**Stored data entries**

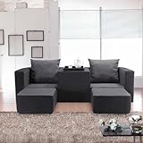 3-Seat Black and Charcoal Versatile Foam Sofa3-Seat Black and Charcoal Versatile Foam Sofa. This furniture can be rearranged for multiple seating options with its unique design. The sofa can be used in multiple seating options: Sofa, 2-Seater Lounge with Center Armrest, Left-Hand 2-Seater Lounge with Right-Armrest, and Bench. Removable upholstery is washable and easy cleaning. Three large ottomans with zipper-attached for easy removal from actual sofa. Three extra plush back pillows and serving tray included with set. Dimensions: - Sofa: 32"D x 91"W x 13"H - Detachable Ottoman: 24.13"D x 25"W x 12.5"H - Bench: 32"D x 91"W x 25.5"H - Tray: 15"D x 15"W x 1.9"H - Pillows (3): 20.5"W x 24"D (standard)
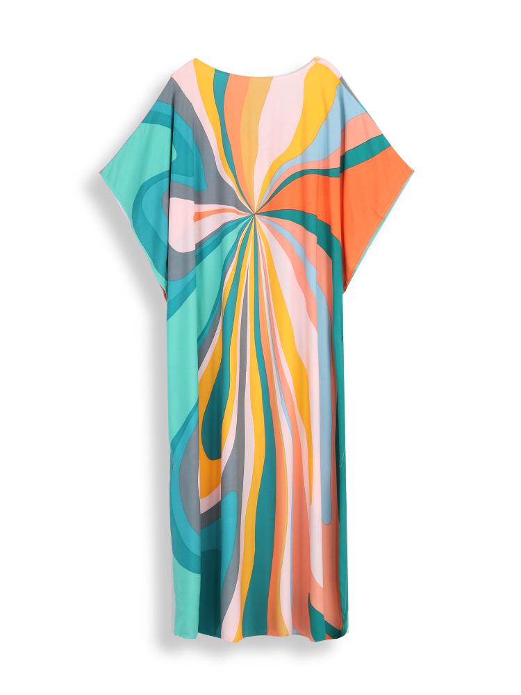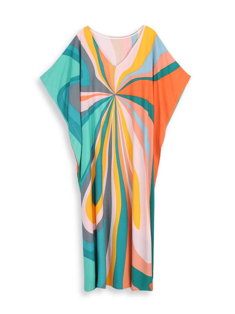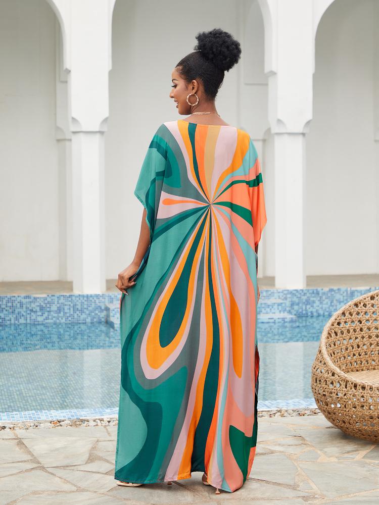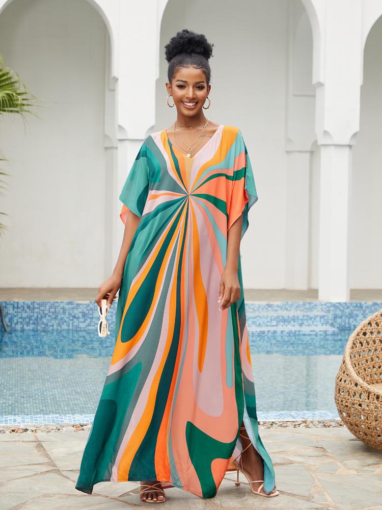 EDOLYNSA Кафтан больших размеров с богемным принтом, летнее длинное пляжное платье, женская домашняя одежда, купальный костюм, накидка, свободный кафтан
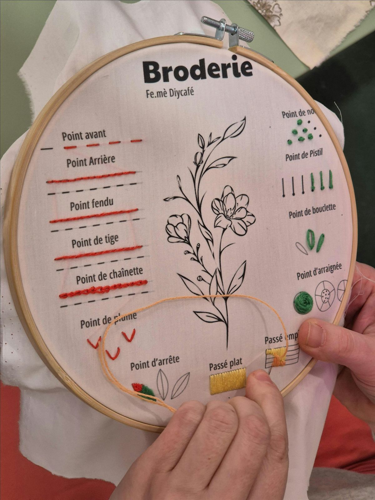 Viens découvrir l'art de la broderie en mode détente et bonne humeur ! Que tu sois débutant.e ou juste curieux.se, cette session en présentiel est parfaite pour apprendre les bases, t'amuser et repartir avec ta création. Pas besoin d'expérience, juste envie de tester quelque chose de nouveau et de créatif. On t'attend pour un moment convivial entre passionné.e.s de fil et d'aiguille !
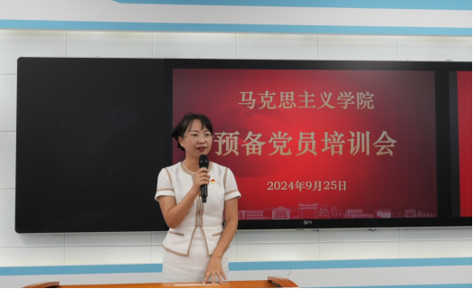 2021级本科生吴童语同学代表预备党员发言,她分享了月初去到刘少奇和毛泽东故居的经历与感受,从湖湘伟人的生平事迹中汲取榜样力量,号召大家在革命的红色热土上将红色基因、红色精神转化为爱国情、报国志,让伟人精神赓续传承、历久弥新;老党员代表2023级硕士生张玉达同学回顾了自己携笔从戎的军营生活、深入小学宣讲英雄故事的经历和暑期“三下乡”走访乡村的收获,指出“组织上入党,一生一次,思想上入党,一生一世”,要在实践中不断坚定初心、践行初心。
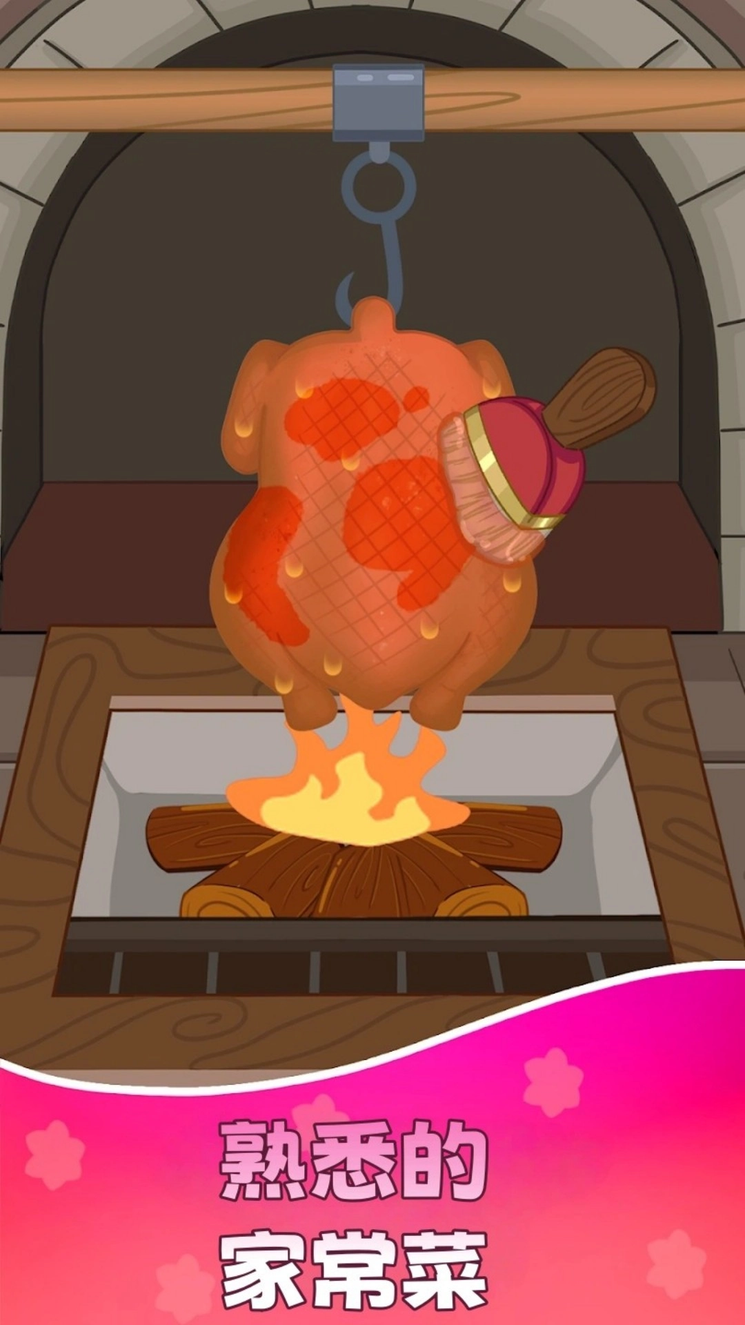 选想做的家常菜,进入烹饪界面,按提示用工具刷子刷酱控制火候,完成制作。
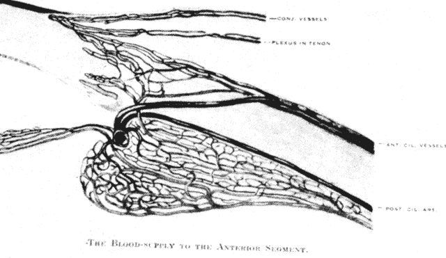 VASCULATURE The lacrimal artery, the superior and inferior medial palpebral arteries, and the branches of the ophthalmic artery that supply the extraocular muscles and ciliary body form the rich blood supply of the conjunctiva, eyelids, and lacrimal gland (Fig. 1).1 This blood supply can be thought of as a natural immunologic defense. When the eyes are inflamed, the blood vessels dilate, fluid leaks into the extravascular spaces, and leukocytes migrate into these spaces from the bloodstream. More specifically, macrophages, polymorphonuclear leukocytes, lymphocytes, C-reactive protein, immunoglobulins, and so forth are the elements of the defense system that are brought to these ocular tissues during inflammation.2
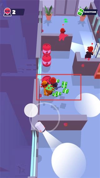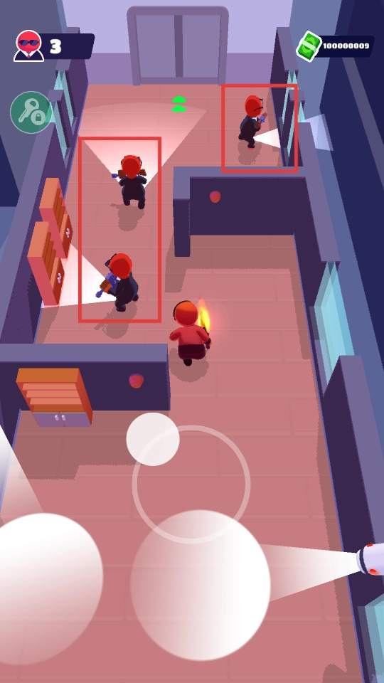 操控角色在击败敌人的过程中收集绿色物品,借助场景中的遮蔽物避开监控设备,逐步推进关卡进程。
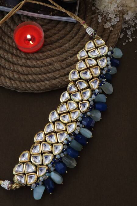 Gold-plated handmade choker with encrusted high-grade kundan, blue cluster stone drops & geometric motifs.
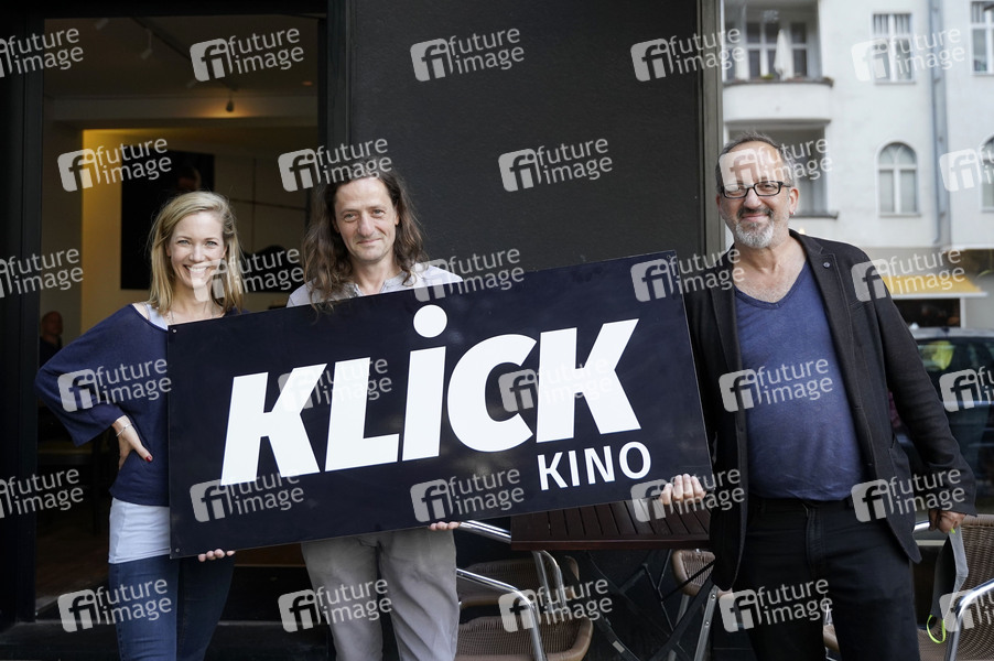 Martina Klier, Sascha Grunow und Christos Acrivulis bei der Wiedereröffnung des Programmkinos 'Klick' in Charlottenburg nach dem Lockdown wegen der Corona-Epidemie. Berlin, 02.07.2020

**Instructions to follow**
Every line above is to be written out unchanged, with the pictures omitted.

**Written answer**
 3-Seat Black and Charcoal Versatile Foam Sofa3-Seat Black and Charcoal Versatile Foam Sofa. This furniture can be rearranged for multiple seating options with its unique design. The sofa can be used in multiple seating options: Sofa, 2-Seater Lounge with Center Armrest, Left-Hand 2-Seater Lounge with Right-Armrest, and Bench. Removable upholstery is washable and easy cleaning. Three large ottomans with zipper-attached for easy removal from actual sofa. Three extra plush back pillows and serving tray included with set. Dimensions: - Sofa: 32"D x 91"W x 13"H - Detachable Ottoman: 24.13"D x 25"W x 12.5"H - Bench: 32"D x 91"W x 25.5"H - Tray: 15"D x 15"W x 1.9"H - Pillows (3): 20.5"W x 24"D (standard)
 EDOLYNSA Кафтан больших размеров с богемным принтом, летнее длинное пляжное платье, женская домашняя одежда, купальный костюм, накидка, свободный кафтан
 Viens découvrir l'art de la broderie en mode détente et bonne humeur ! Que tu sois débutant.e ou juste curieux.se, cette session en présentiel est parfaite pour apprendre les bases, t'amuser et repartir avec ta création. Pas besoin d'expérience, juste envie de tester quelque chose de nouveau et de créatif. On t'attend pour un moment convivial entre passionné.e.s de fil et d'aiguille !
 2021级本科生吴童语同学代表预备党员发言,她分享了月初去到刘少奇和毛泽东故居的经历与感受,从湖湘伟人的生平事迹中汲取榜样力量,号召大家在革命的红色热土上将红色基因、红色精神转化为爱国情、报国志,让伟人精神赓续传承、历久弥新;老党员代表2023级硕士生张玉达同学回顾了自己携笔从戎的军营生活、深入小学宣讲英雄故事的经历和暑期“三下乡”走访乡村的收获,指出“组织上入党,一生一次,思想上入党,一生一世”,要在实践中不断坚定初心、践行初心。
 选想做的家常菜,进入烹饪界面,按提示用工具刷子刷酱控制火候,完成制作。
 VASCULATURE The lacrimal artery, the superior and inferior medial palpebral arteries, and the branches of the ophthalmic artery that supply the extraocular muscles and ciliary body form the rich blood supply of the conjunctiva, eyelids, and lacrimal gland (Fig. 1).1 This blood supply can be thought of as a natural immunologic defense. When the eyes are inflamed, the blood vessels dilate, fluid leaks into the extravascular spaces, and leukocytes migrate into these spaces from the bloodstream. More specifically, macrophages, polymorphonuclear leukocytes, lymphocytes, C-reactive protein, immunoglobulins, and so forth are the elements of the defense system that are brought to these ocular tissues during inflammation.2
 操控角色在击败敌人的过程中收集绿色物品,借助场景中的遮蔽物避开监控设备,逐步推进关卡进程。
 Gold-plated handmade choker with encrusted high-grade kundan, blue cluster stone drops & geometric motifs.
 Martina Klier, Sascha Grunow und Christos Acrivulis bei der Wiedereröffnung des Programmkinos 'Klick' in Charlottenburg nach dem Lockdown wegen der Corona-Epidemie. Berlin, 02.07.2020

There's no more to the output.